Java is the dead end of all dead ends, the furtherest logical business case extension of c++. The fact taht there will never be anything after Java, to me, indicates is stasis decay and dead end. In this I agree very much with Alan Kay and his theories of languages.

marketter, fan boy, or run of the mill overly excited moron. you ought be fisked.

Why all the hate? (0)

Anonymous Coward | more than 7 years ago | (#19044511)

Sun open-sourced Java. They've supported OpenOffice for years. They've opened Solaris (somewhat). Now they propose to slay yet another bete noire for Linux desktop users like myself: Flash. I have not forgotten that Linux was a second-class platform for Adobe/Macromedia until only recently. I know that I still can't run a 64-bit desktop without pissing around with 32-bit chroots 'cause eventually one of my kids is going to want to play a Flash craplet.

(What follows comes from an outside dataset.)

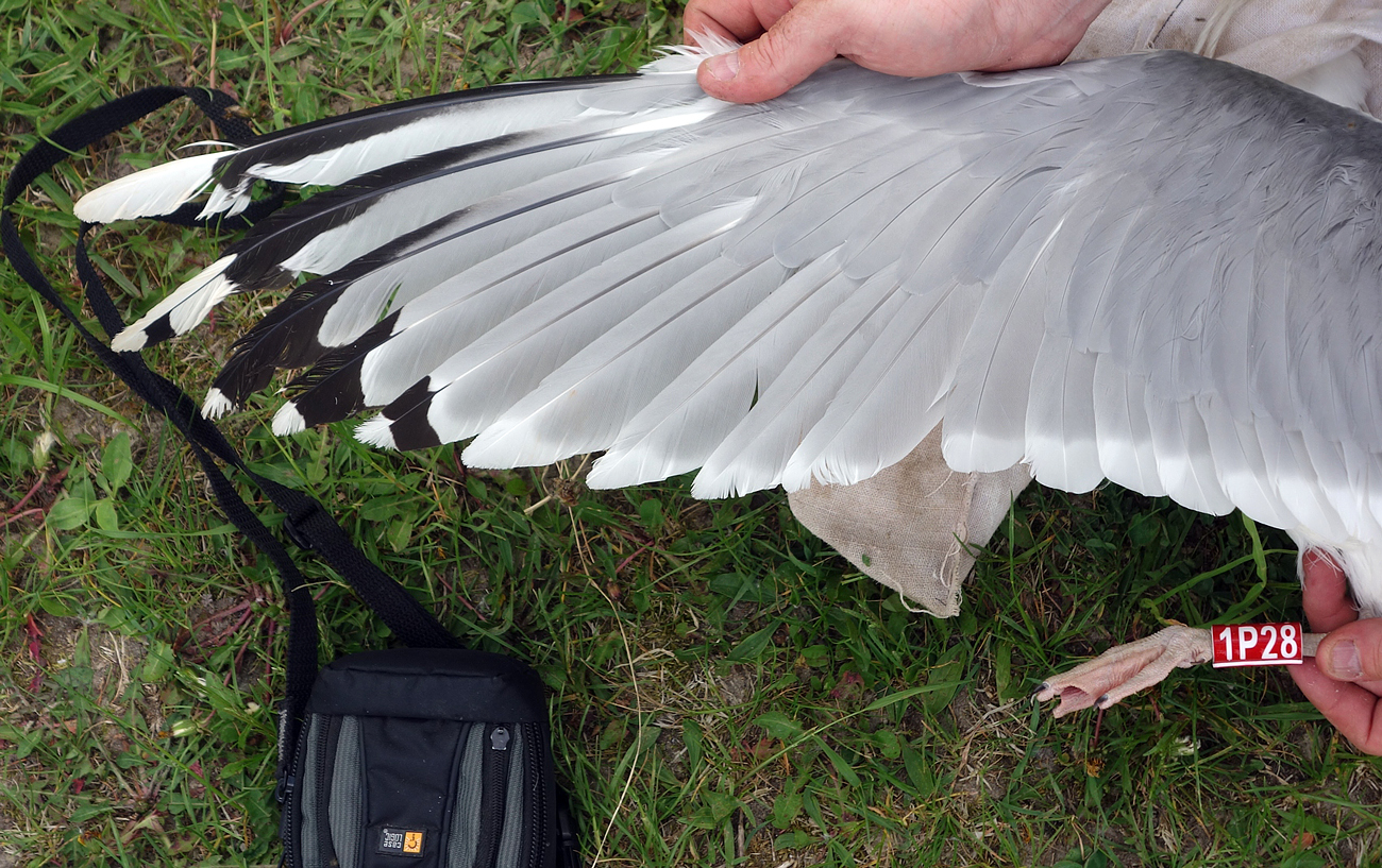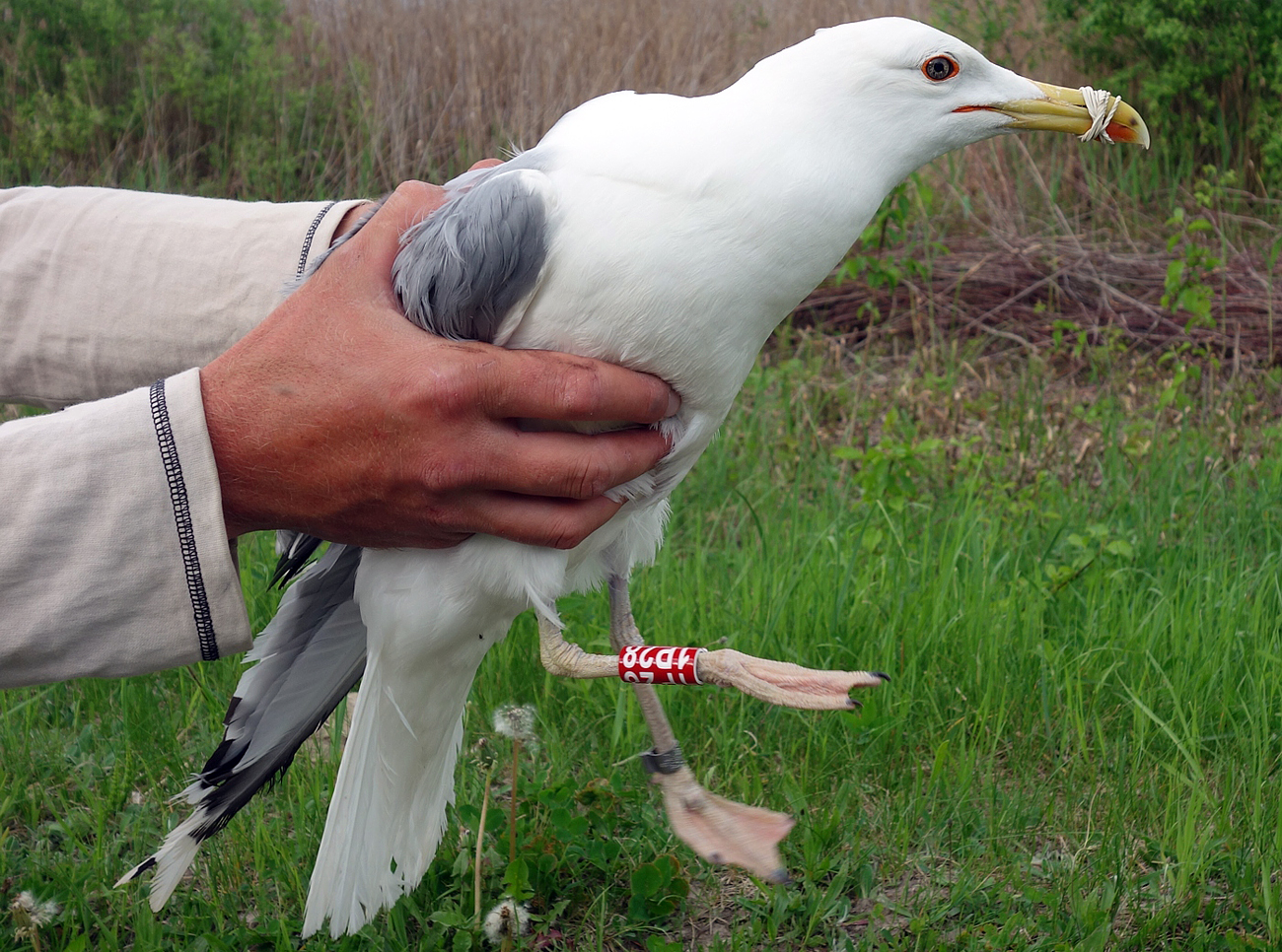 Larus cachinnans 1P28 adult, May 15 2013, Wytyckie Lake - Urszulin, Poland. Picture: Łukasz Bednarz ringing team. Please visit Łukasz's BLOG for beautiful drawings and up-to-date gull news from eastern Poland: Wildlife art and illustration For 2012, breeding location of 150 pairs cachinnans, of which 54 adults ringed and 158 pulli in 2012 (pers comm. Łukasz Bednarz). Breeding bird trapped at the nest. Adult, with dense speckling in iris. Red orbital ring and gape. No red on upper mandible; black on the upper and black on the lower mandible. Pink legs with yellow hue.

I also know that if Flash was open-source, we would've had 64-bit support ages ago, and that Linux would've been excellently well-supported from the get-go.

I applaud Sun for giving us a potential alternative under the GPL.

AJAX or DHTML? (1)

dircha (893383) | more than 7 years ago | (#19044525)

"Because it runs on the client and is not dependent on code sent over the wire, it also means applications written in AJAX, such as Google Apps, can be used offline."

So JavaFX Script is just a client-side UI library? That's not AJAX. That's DHTML.

Too bad they didn't fix the real problem: Javascript. I would rather see Java as a first class language in the browser to replace Javascript entirely. Instead of writing Java GUI applications to target Swing or AWT you would be able to write them to target the browser DOM directly. And you'd have compile time checking. The DOM+CSS model is a pretty nice for documents. Of course that would require all browsers to have compliant DOM implementations (maybe that's the holdup). But JavaFX sounds more like Flash.